Он говорит – «Да ты посмотри, как она падает!» — и в меня пальцем тыкает. Думаю – а как я падаю? Оказывается – как классик, с обратным углом в тазобедренном суставе. Я же всю жизнь крутила комплекс индивидуальной акробатики в «плотной группировке», и даже на групповом рекорде, как оказалось, падала с подогнутым бедром. Никто и никогда не учил нас иным позам свободного падения. Мне потом говорили – «ложишься на кровать, руки кладешь на стулья и тренируешь прогиб». Но все-таки Алексис поставил меня в фигуру. Смотрит критически на мой костюм, говорит – «Иди возьми жёлтый комбез» (формация состояла из разноцветных секторов – желтого, розового, фиолетового и голубого). Вот на той самой фотографии, где запечатлен прыжок по АФФ в Волосово в 1993 году, в том самом желтом комбезе с захватами запечатлена моя студентка Войцеховская с «дубом» за плечами. В общем, рекорд мы отпрыгали, нужную фигуру поставили, я пошла сдавать комбез обратно, а он мне и говорит – «Возьми.
Пусть русские видят, в чем прыгать надо». И я, естественно, увезла этот комбез в Волосово. У меня тогда была студентка Катя Синюхина… Видели наверняка комбинезоны «Katrin Suit»? Через год-два после обучения именно она организовала эту фирму по пошиву прыжковых комбезов, первую на постсоветском пространстве. Она сняла с моего комбеза все мерки, что только смогла – выкройки, фасон, методику подшивки захватов, и тому подобные измерения, и начала шить вот эти свои первые комбезы – еще безо всяких ласт, просто чуть более широкие, чем для классики. Причем, как положено, из разной ткани – на животе скользкая, ниже колен шершавая, на спине эластик – все это было впервые в технологиях пошива. Потом уже кто-то придумал ласты – скорее всего, тоже «за бугром», и пошла-поехала по своему пути эволюция прыжкового снаряжения.

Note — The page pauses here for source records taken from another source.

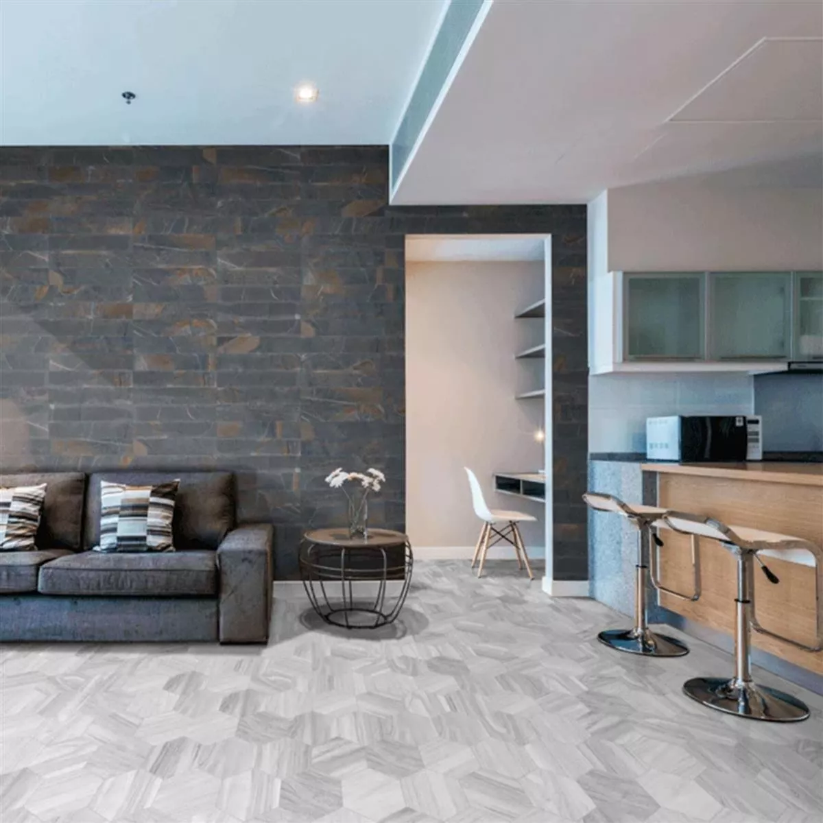 Questi rivestimenti e pavimenti di alta qualità sono adatti anche per il riscaldamento a pavimento, rendendoli la scelta ideale per qualsiasi interno. Che si tratti della cucina, del soggiorno o delle zone umide, le piastrelle Hexwood Hexagon portano nella vostra casa il fascino e il calore del legno, uniti alla resistenza e alla facilità di manutenzione del gres porcellanato.
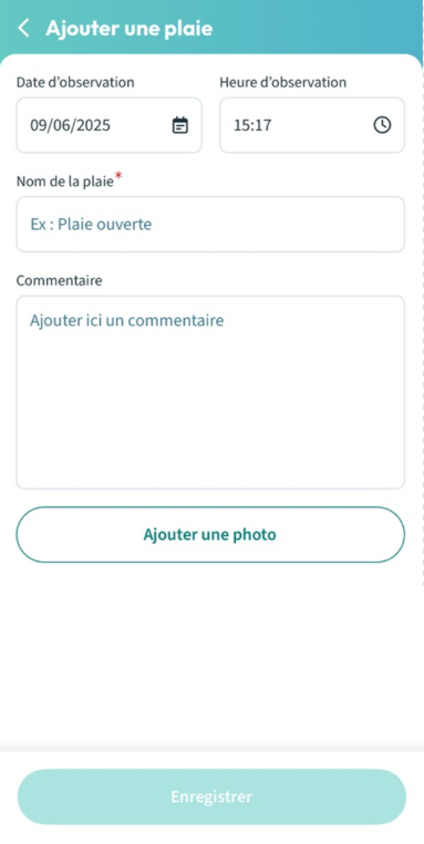 - ou cliquez sur « Ajouter une plaie » pour en créer une nouvelle.
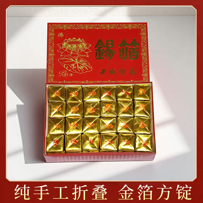 26X18CM真锡箔金锭方锭祭祖上坟烧纸用品寒衣节拜祭祖先纸1盒48个

Давайте с этого «группешного» захода вернёмся к тому, как вас Дон Ярлинг опрашивал после прыжка.

Мы сидели, отвечали на эти вопросы, выжимая из своей памяти какие-то сведения, пытались написать исключительно по субъективным «прикидкам» – сколько времени прошло, какая могла быть высота на каждом перестроении. И в итоге, как ни странно, данный тест мы прошли. Дальше начались прыжки с различными «эвалюторами», т.е. с инструкторами-экзаменаторами, игравшими в прыжке роль студентов. Эвалютор каждый прыжок менялся – была там одна сволочь, немец, который практически каждый прыжок делал так, что в свободном падении его никто не мог догнать. Но поскольку все эвалюторы проходили через всех «курсантов», то это было не так страшно – ладно, пусть будет один идиот, уж коль он у всех по очереди такой идиот. А остальные были вполне себе нормальные и лояльные мужики.

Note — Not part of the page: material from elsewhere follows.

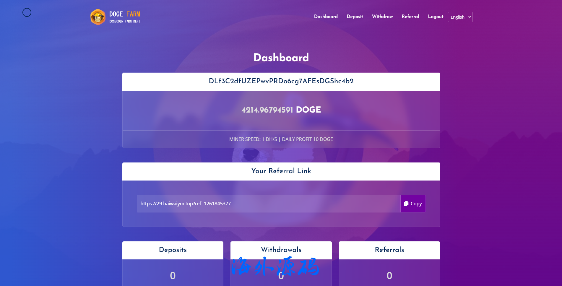 狗狗币DeFi农场,只需要输入钱包地址即可存币生息

Кстати, тоже интересный вопрос: а в процентном отношении среди «студентов»-претендентов сколько было мужчин и сколько женщин?

Одна или две девчонки были. Хотя… Кроме себя, кажется, я вообще не помню девчонок – чуть ли не я одна была среди мужиков. Точно не помню, надо посмотреть на совместной фотографии нашей группы.

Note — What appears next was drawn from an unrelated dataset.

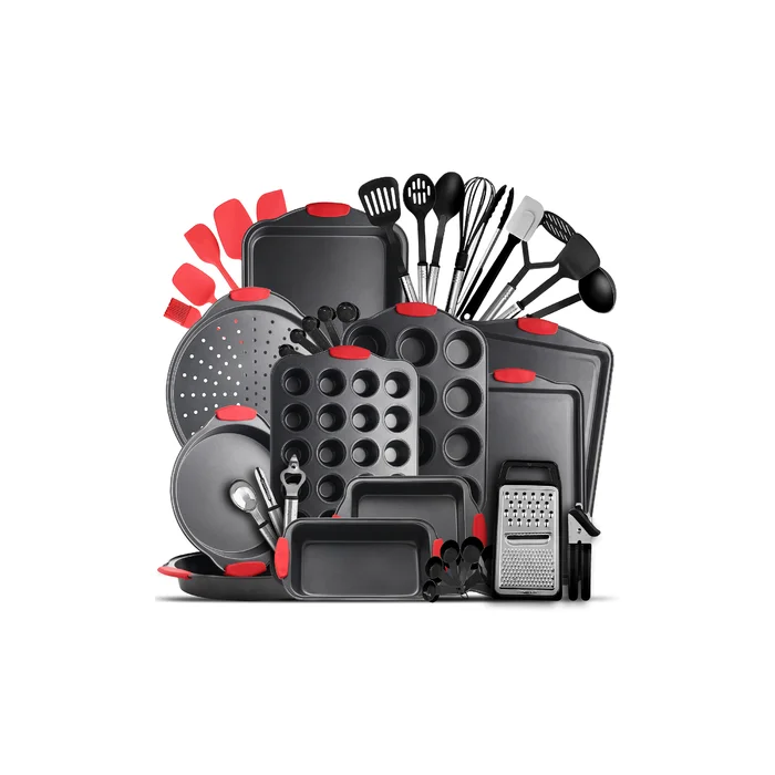 1 mini muffin pan (24 cups) 17 x 10.6 inch, 1 muffin pan (12 cups) 16.4 x 10.4 inch, 2 round pans 11.3 inch, 1 square pan 11 x 9 inch, 1 small cookie sheet 15.7 x 10.25 inch, 1 large cookie sheet 17.5 x 12 inch, 1 large baking pan 17.9 x 11.5 inch, 1 pizza pan 14.7 inch, 1 loaf pan 5.9 x 11.75, 1 small spatula 8.3 inch, 1 large spatula 10.7 inch, 1 small turner 8.3 inch, 1 large turner 10.8 inch, 1 brush 8.2 inch, 1 soup ladle, 1 solid spoon, 1 slotted spoon, 1 solid turner, 1 slotted turner, 1 potato pusher, 1 can Opener, 1 whisk, 1 grater, 1 spatula, 1 tongs, 1 ice cream scooper, 1 wine opener, 1 peeler, 5 measuring cups (1 cup, ½ cup, ⅓ cup, ¼ cup, ⅛ cup), and 5 measuring spoons (1 tbsp, ½ tbsp, 1 tsp, ½ tsp, ¼ tsp).

Как вообще вели себя экзаменаторы – не удивлялись тому, что Вы из России, да еще и девушка?

Нет, там вообще все было просто и нормально.

А сколько было этих обучающих прыжков с эвалюторами?

Тоже не помню… Порядка десятка, 8-10 прыжков. Что еще вам рассказать на эту тему?

Ну вот обучились вы, приехали обратно…

Приехали обратно, а тут Горбунову пришлось нас «легализовывать». Сами понимаете – в Советском Союзе нельзя было просто так «взять и начать» что-то новое: нужно было разрешение вышестоящих организаций, приказ начальника или еще что-то. Те чиновники, которые в ЦК ДОСААФ сидели и сидят поныне (люди, разумеется, уже другие, но суть абсолютно не меняется) когда услышали про АФФ – еще тогда, когда нас только отправляли на обучение – прогнозируемо отнеслись к этой идее скептически: «Наши инструкторы поедут за границу учиться? Да мы сами их чему хочешь научим!». Горбунов пытался – безуспешно пытался – им доказать, что это новаторство, что будущее именно за этой методикой подготовки, но в конечном счёте всё-таки «пробил». Когда мы только вернулись – надо это дело было «узаконить», получить разрешение на данные занятия, потому что если, не дай бог, происходит какое-то ЧП, то неразрешённый вид деятельности – это автоматически очень большие проблемы. Если во всех остальных регламентированных действиях можно как-то списать происшествие на несчастный случай, то, когда делаешь то, что не разрешено – это, по сути, добровольная «подстава». Слава богу, в то время в ЦК ДОСААФ за парашютную подготовку отвечал Анатолий Константинович Сырчин. Он, кстати, был среди парашютистов-ветеранов на прошлогоднем празднике 85-летия парашютного спорта у нас в Пущино. До того, как прийти в ЦК ДОСААФ, он служил начальником ПДП Прикарпатского военного округа, а округ тот был очень сильным и подготовленным в плане парашютного спорта: когда шли чемпионаты Вооруженных сил, Прикарпатский округ всегда был в числе лидеров. И вот, пришел в ЦК на парашютный отдел Анатолий Сырчин, и всё-таки подписал – долго у меня эта бумага хранилась! – план парашютной подготовки по АФФ: «Утверждаю. Сырчин». Благодаря ему мы, уже никого не опасаясь, начали это дело развивать да раскручивать под официальной эгидой.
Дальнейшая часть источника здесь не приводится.